Damage to resident’s parking post    

  1. It was reasonable for the landlord to confirm to the resident that the MA could not be held responsible for damage to the personal parking post he installed. The leases show that the resident’s parking space is not part of the communal area and therefore the MA did not have any responsibility for the parking space. Similarly, as the resident installed the parking post the landlord would not have responsibility for covering the cost of repairs or compensating for the damage. It is understandable that the resident was frustrated about this, as he had reported the damage to the Police, and an improved entrance bollard and CCTV may have helped resolve the matter.
  2. The resident chose to install a parking post to secure his parking space, thus, it was his responsibility to maintain the post.
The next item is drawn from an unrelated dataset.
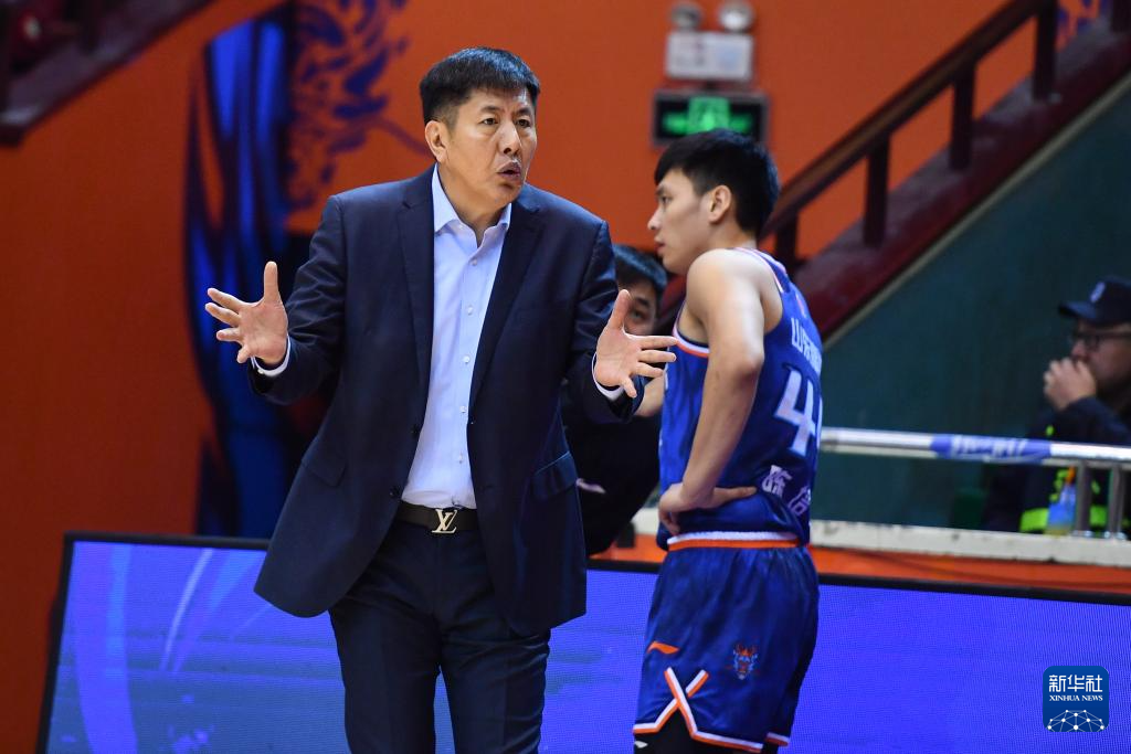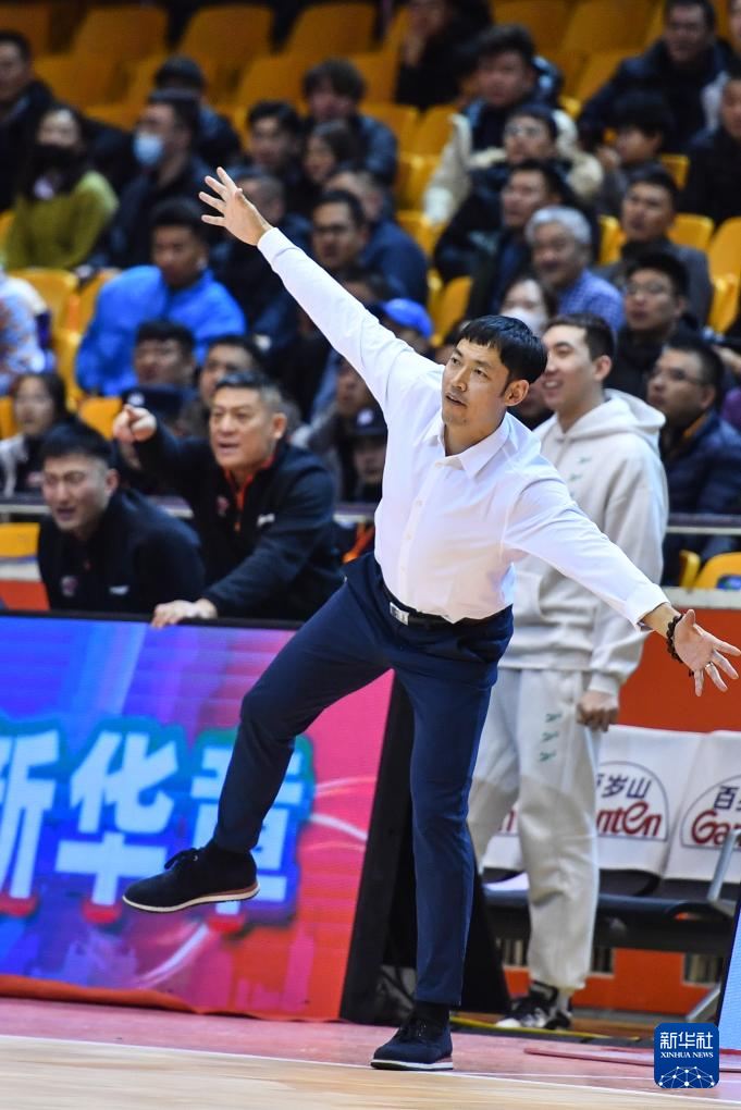 1月17日,天津先行者队主教练张庆鹏在比赛中指挥。新华社记者 朱峥 摄

The landlord would reasonably be expected to ensure that the MA, which was responsible for ensuring managing the parking area, was maintaining the barrier which was in place to restrict access to the unauthorised users. The evidence does not indicate that the landlord’s responsibility extends to barriers put up by its individual leaseholders. The landlord is, therefore, not responsible for the damage to the parking posts. Any matters of criminal damage should be reported to the Police for investigation as the resident had done on these occasions.

Conclusion

  1. Overall, there were failings in the landlord’s response to the resident’s complaint. The landlord did not fully explain the leasehold relationships governing the management of the parking area and the options for enforcement, it also did not properly assess the resident’s concerns against the responsibilities in the leases. There is also no evidence that the landlord contacted the developer for a quicker resolution of the matter when it became apparent, as stated in the complaint response, that the developer did not intend to take action towards seeking a long term solution to the issue of the access barriers. This was identified as a cause of delay in progressing some issues.  
  2. The landlord’s offer of compensation to the resident was in acknowledgement of the delay in responding to the formal complaint. It has however not acknowledged the shortcomings summarised in the preceding paragraph, for which this Service finds that compensation is warranted.  
  3. It is noted in the resident’s correspondence with the Ombudsman that he had additional concerns following the completion of the complaints process. The Ombudsman is unable to formally investigate issues that have not progressed through a landlord’s complaints process and, as such, these issues have not been referenced in this investigation.

Determination

  1. In accordance with paragraph 52 of the Scheme, there was service failure by the landlord in its response to the resident’s concerns about the management and maintenance of the parking area.

Orders

  1. That the landlord pays the resident £150 compensation for the service failure in responding to his concerns about parking problems. This is in addition to previously awarded compensation.
  2. That the landlord writes to the resident explaining the leasehold relationships between the parties involved and its approach to enforcement of lease covenants. It should also explain its position on the management company and whether it can have any influence on progressing this. 
  3. Compliance with the above orders should be confirmed to the Housing Ombudsman within four weeks of the date of this determination.

Recommendation

  1. The landlord should strongly consider contacting the MA to seek its commitment to complete action on consultation with respect to the CCTV installation.